**Task goal**
Quote the material exactly from the line that contains "平板底部采用4*4的方鋼加固" through its last line. Any pictures are to be left out.

**Dataset content**
▬▬▬

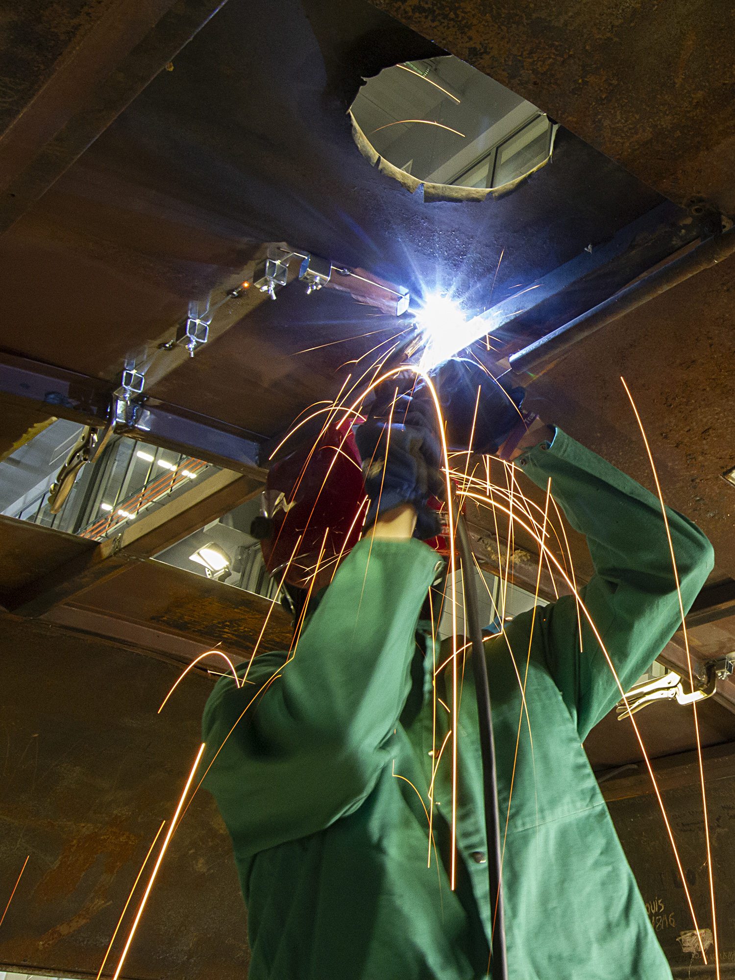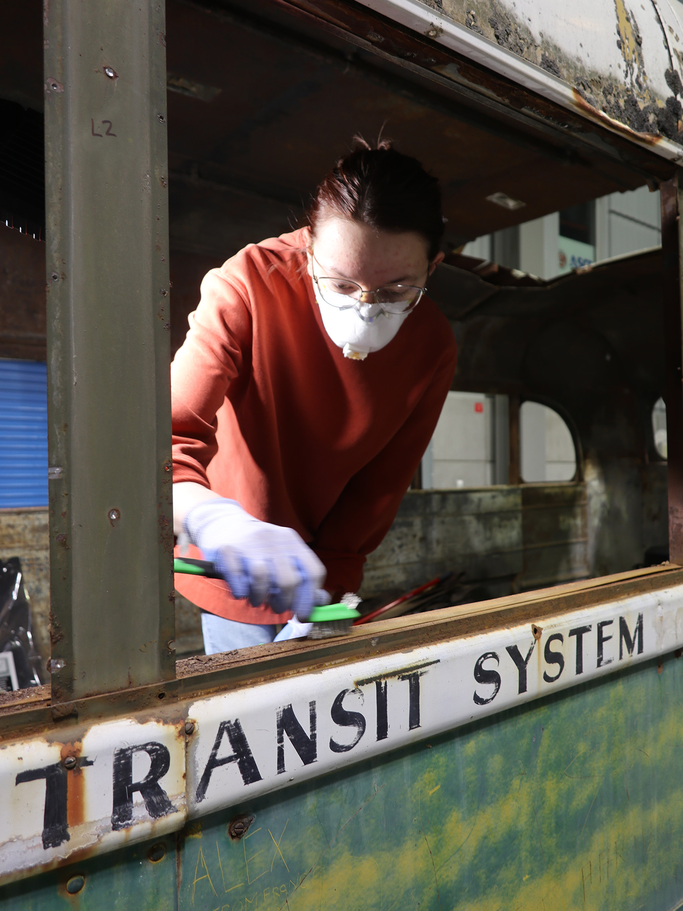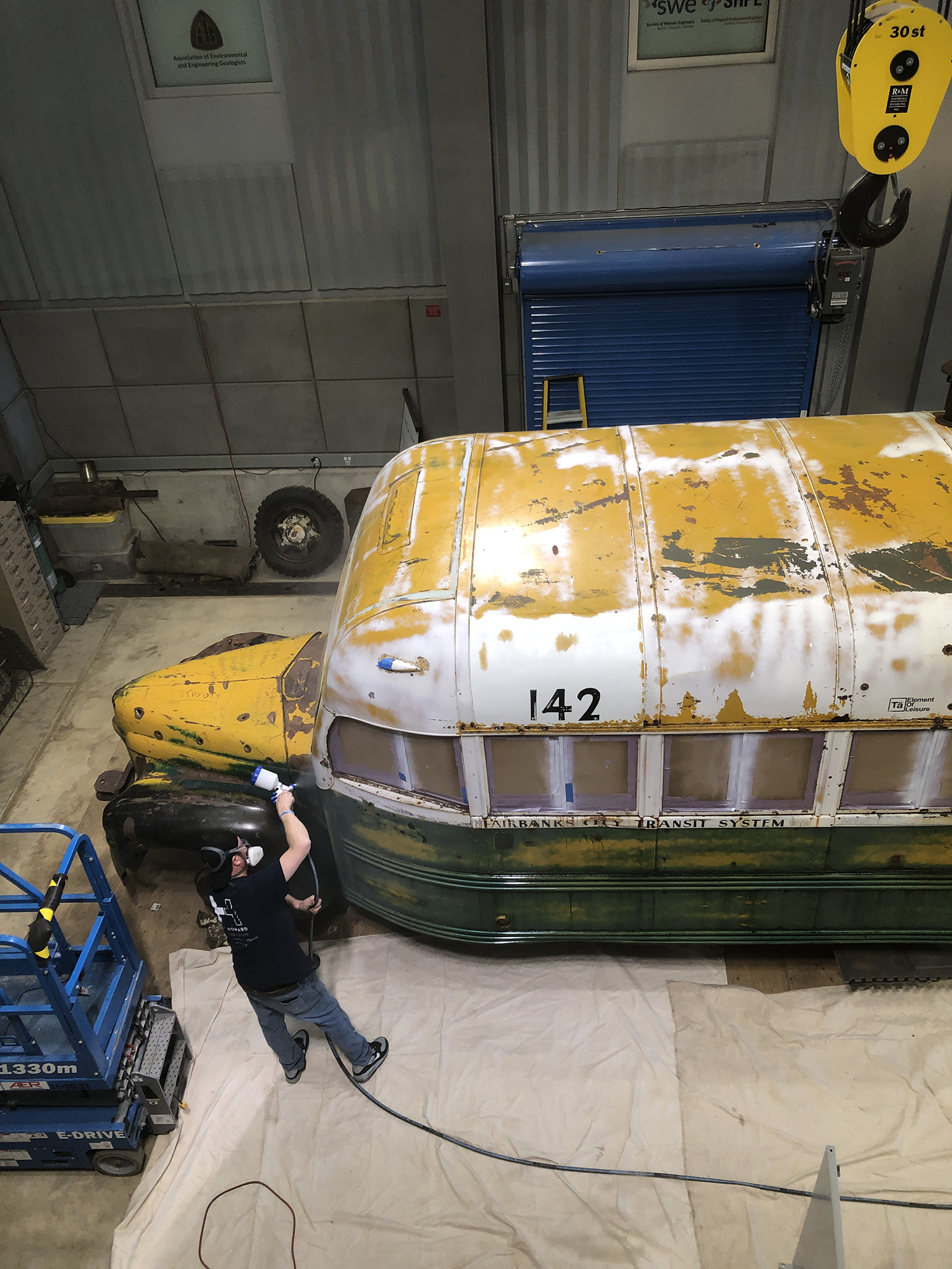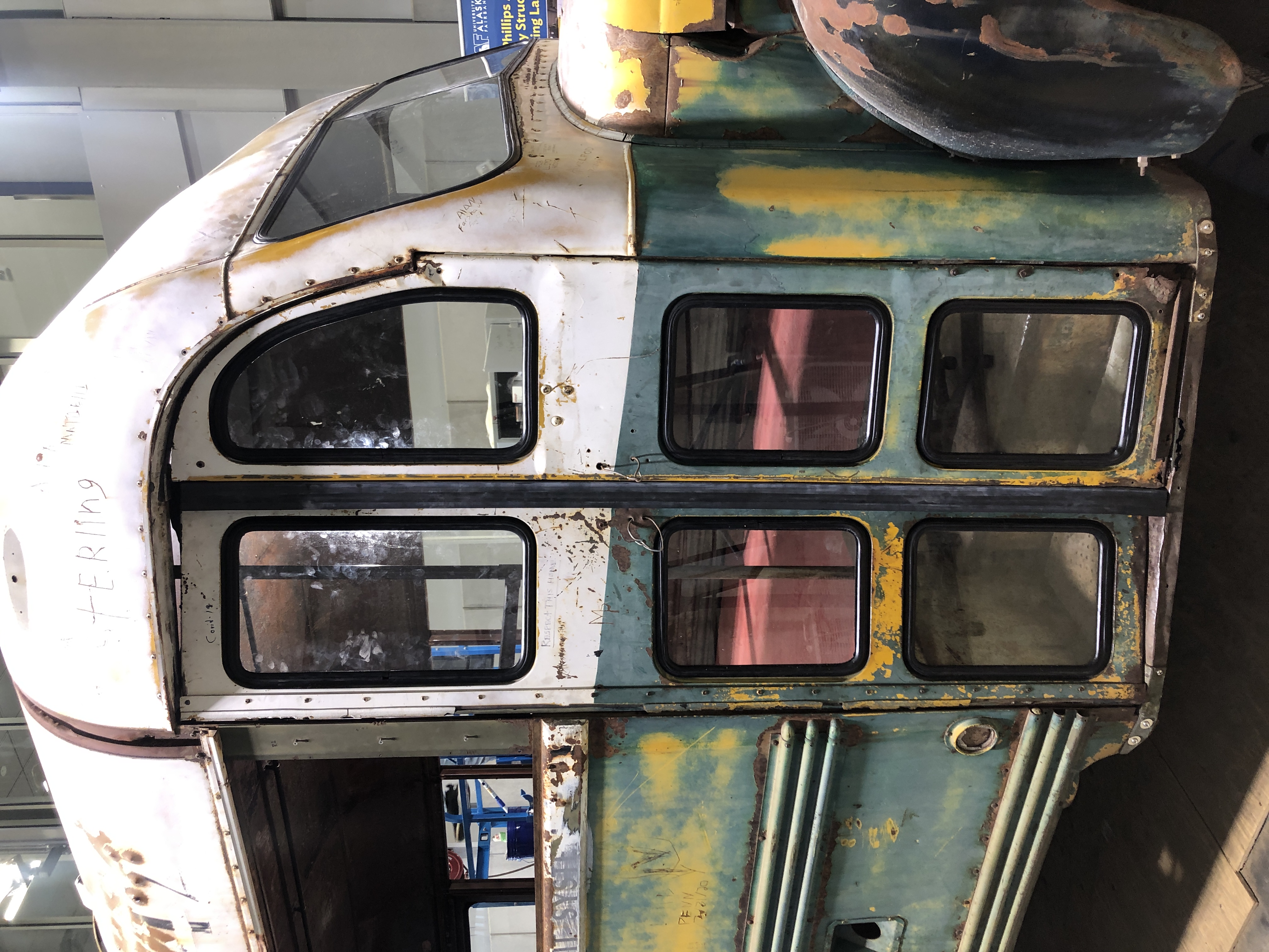 Conservation of Bus 142 took place in the Joseph E. Usibelli Engineering Learning and Innovation Building in the ConocoPhillips Alaska High Bay Structural Testing Lab from January-April 2023, and was viewable by the public from windows on the 2nd and 3rd floors of the building through September 2023.
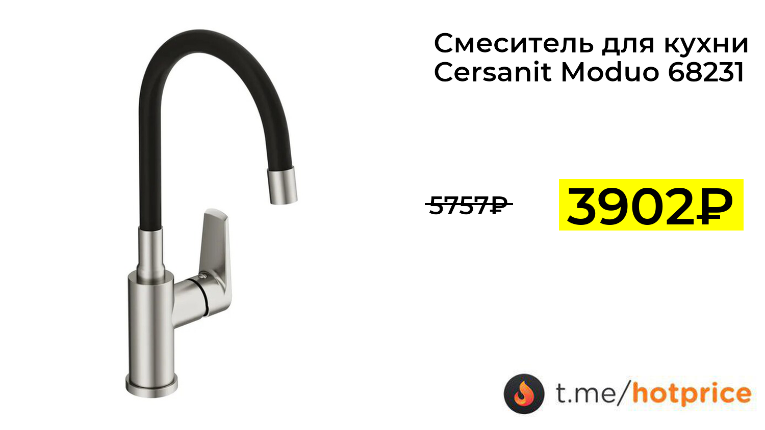 🔹 Смеситель для кухни Cersanit Moduo 68231 с гибким изливом (с картой OZON, зависит от города) за 3902₽ ❗️ (везде: 5757+₽)
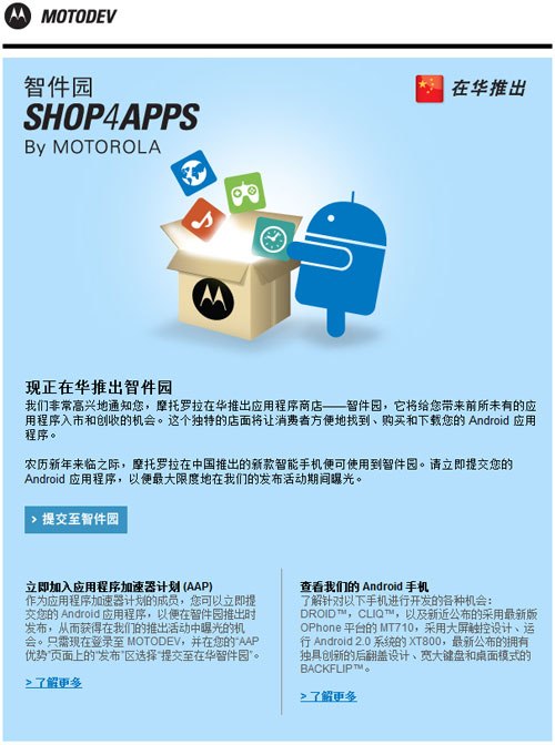 2月3日消息,摩托羅拉今日正式在華推出應(yīng)用程序商城SHOP4APPS,并取中文名為“智件園”。摩托羅拉在發(fā)給MOTODEV中國(guó)注冊(cè)會(huì)員的郵件中表示,摩托羅拉在中國(guó)推出的新款智能手機(jī)便可使用到智件園。圖:摩托羅拉發(fā)給MOTODEV注冊(cè)會(huì)員的通知郵件
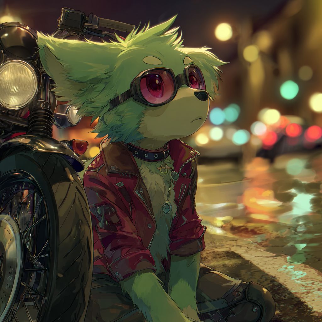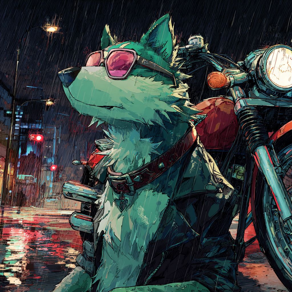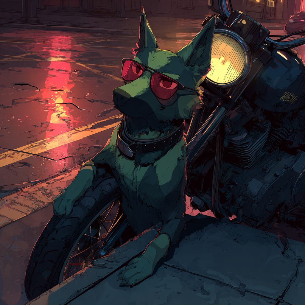 كلب أنيمي رائع ذو فرو أخضر قصير وعينين حمراء يرتدي نظارات شمسية وقلادة جلدية، متكئًا على دراجة نارية في مشهد ليلي للمدينة مع شوارع رطبة
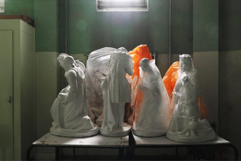 L’efficacité de la mise en espace des images en fournit la pleine mesure. Point fort de l’exposition, ce dispositif spatial donne véritablement sens et corps au propos de l’artiste. De grands formats photographiques tapissent les murs, ouvrant un dialogue entre objets usuels, objets de culte et les aires minimalistes du sous-sol d’église. S’entremêlent ainsi chandelier, cuillère, pots à crayons, cintre, trophées, fleurs séchées en forme de nature morte, ou encore maquette d’église, boîtier sacré, personnages d’une crèche soigneusement emballés et tabernacle revêtu d’un voile blanc finement brodé. Saisis isolément et en plans très rapprochés, ces objets captivent par leur forte charge d’affect et d’énigme. Ils sont surtout révélateurs d’un lieu à la fois de rituel, de recueillement, de loisir, de socialisation et de savoir-faire au sein d’une communauté déterminée à y entretenir un sentiment d’appartenance, voire un terreau identitaire.
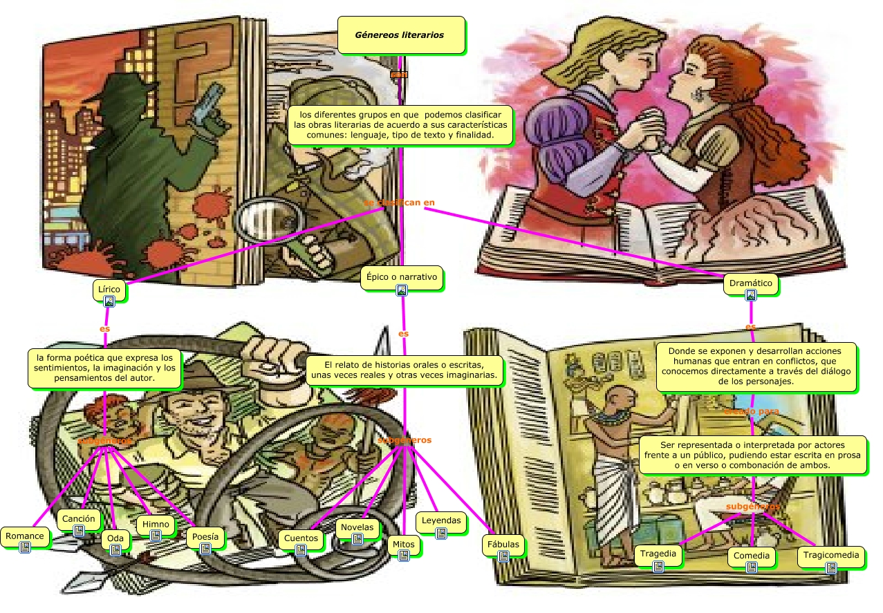 Este Cmap, tiene información relacionada con: Géneros literarios, Ser representada o interpretada por actores frente a un público, pudiendo estar escrita en prosa o en verso o combonación de ambos. subgéneros Tragedia, los diferentes grupos en que podemos clasificar las obras literarias de acuerdo a sus características comunes: lenguaje, tipo de texto y finalidad. se clasifican en Dramático, El relato de historias orales o escritas, unas veces reales y otras veces imaginarias. subgéneros Fábulas, El relato de historias orales o escritas, unas veces reales y otras veces imaginarias. subgéneros Novelas, Lírico es la forma poética que expresa los sentimientos, la imaginación y los pensamientos del autor., El relato de historias orales o escritas, unas veces reales y otras veces imaginarias. subgéneros Cuentos, Épico o narrativo es El relato de historias orales o escritas, unas veces reales y otras veces imaginarias., la forma poética que expresa los sentimientos, la imaginación y los pensamientos del autor. subgéneros Himno, Ser representada o interpretada por actores frente a un público, pudiendo estar escrita en prosa o en verso o combonación de ambos. subgéneros Comedia, la forma poética que expresa los sentimientos, la imaginación y los pensamientos del autor. subgéneros Poesía, la forma poética que expresa los sentimientos, la imaginación y los pensamientos del autor. subgéneros Romance, Donde se exponen y desarrollan acciones humanas que entran en conflictos, que conocemos directamente a través del diálogo de los personajes. creado para Ser representada o interpretada por actores frente a un público, pudiendo estar escrita en prosa o en verso o combonación de ambos., Ser representada o interpretada por actores frente a un público, pudiendo estar escrita en prosa o en verso o combonación de ambos. subgéneros Tragicomedia, El relato de historias orales o escritas, unas veces reales y otras veces imaginarias. subgéneros Mitos, Génereos literarios son los diferentes grupos en que podemos clasificar las obras literarias de acuerdo a sus características comunes: lenguaje, tipo de texto y finalidad., El relato de historias orales o escritas, unas veces reales y otras veces imaginarias. subgéneros Leyendas, la forma poética que expresa los sentimientos, la imaginación y los pensamientos del autor. subgéneros Oda, los diferentes grupos en que podemos clasificar las obras literarias de acuerdo a sus características comunes: lenguaje, tipo de texto y finalidad. se clasifican en Épico o narrativo, la forma poética que expresa los sentimientos, la imaginación y los pensamientos del autor. subgéneros Canción, Dramático es Donde se exponen y desarrollan acciones humanas que entran en conflictos, que conocemos directamente a través del diálogo de los personajes.
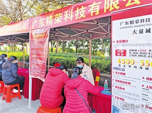 有年终奖、高温补贴、节日津贴、公司免费提供食宿、入职购买“五险一金”……上午9时招聘会开始后,各家企业“诱人”的福利待遇吸引大量求职者前来咨询。家在五华县城的小伙洪炎梓早早来到现场,通过认真咨询了解,在位于县城工业园区的广东精荣科技有限公司求职登记表上填写了个人信息。“选这家公司主要是专业对口,离家近,待遇也不错。”洪炎梓说,这样的招聘会对促进就业有很大的帮助。
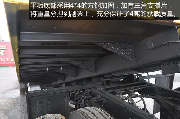 平板底部采用4*4的方鋼加固,加有三角支撐片,將重量分擔(dān)到副梁上,充分保證了4噸的承載質(zhì)量。
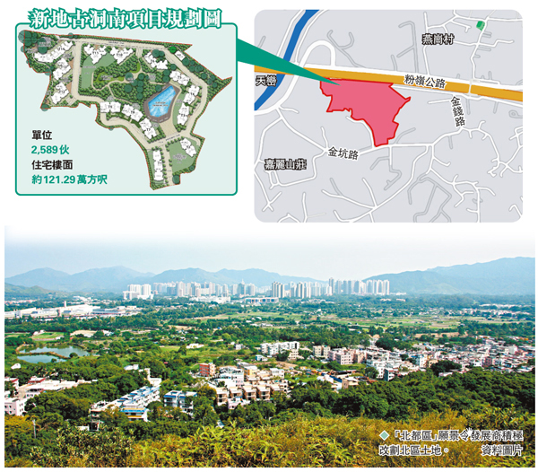 政府提出「北部都會區」願景,帶動周邊地區樓市發展,有發展商積極改劃北區土地。根據城規會文件顯示,新地就上水古洞南一幅土地作大型住宅發展,涉及14幢分層住宅,計劃興建2,589伙單位,較2019年獲批方案的單位數目(1,573伙)大增逾1,000伙,增幅達64.5%。單位大小亦作出改動,平均面積約468方呎。◆香港文匯報記者 黎梓田
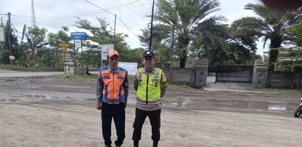 Bhabinkamtibmas dan Dishub Laksanakan Gatur Lalin sore hari Di Jalan Raya PT MSJ Bojonegara

▬▬▬

**Answer to the exercise**
 平板底部采用4*4的方鋼加固,加有三角支撐片,將重量分擔(dān)到副梁上,充分保證了4噸的承載質(zhì)量。
 政府提出「北部都會區」願景,帶動周邊地區樓市發展,有發展商積極改劃北區土地。根據城規會文件顯示,新地就上水古洞南一幅土地作大型住宅發展,涉及14幢分層住宅,計劃興建2,589伙單位,較2019年獲批方案的單位數目(1,573伙)大增逾1,000伙,增幅達64.5%。單位大小亦作出改動,平均面積約468方呎。◆香港文匯報記者 黎梓田
 Bhabinkamtibmas dan Dishub Laksanakan Gatur Lalin sore hari Di Jalan Raya PT MSJ Bojonegara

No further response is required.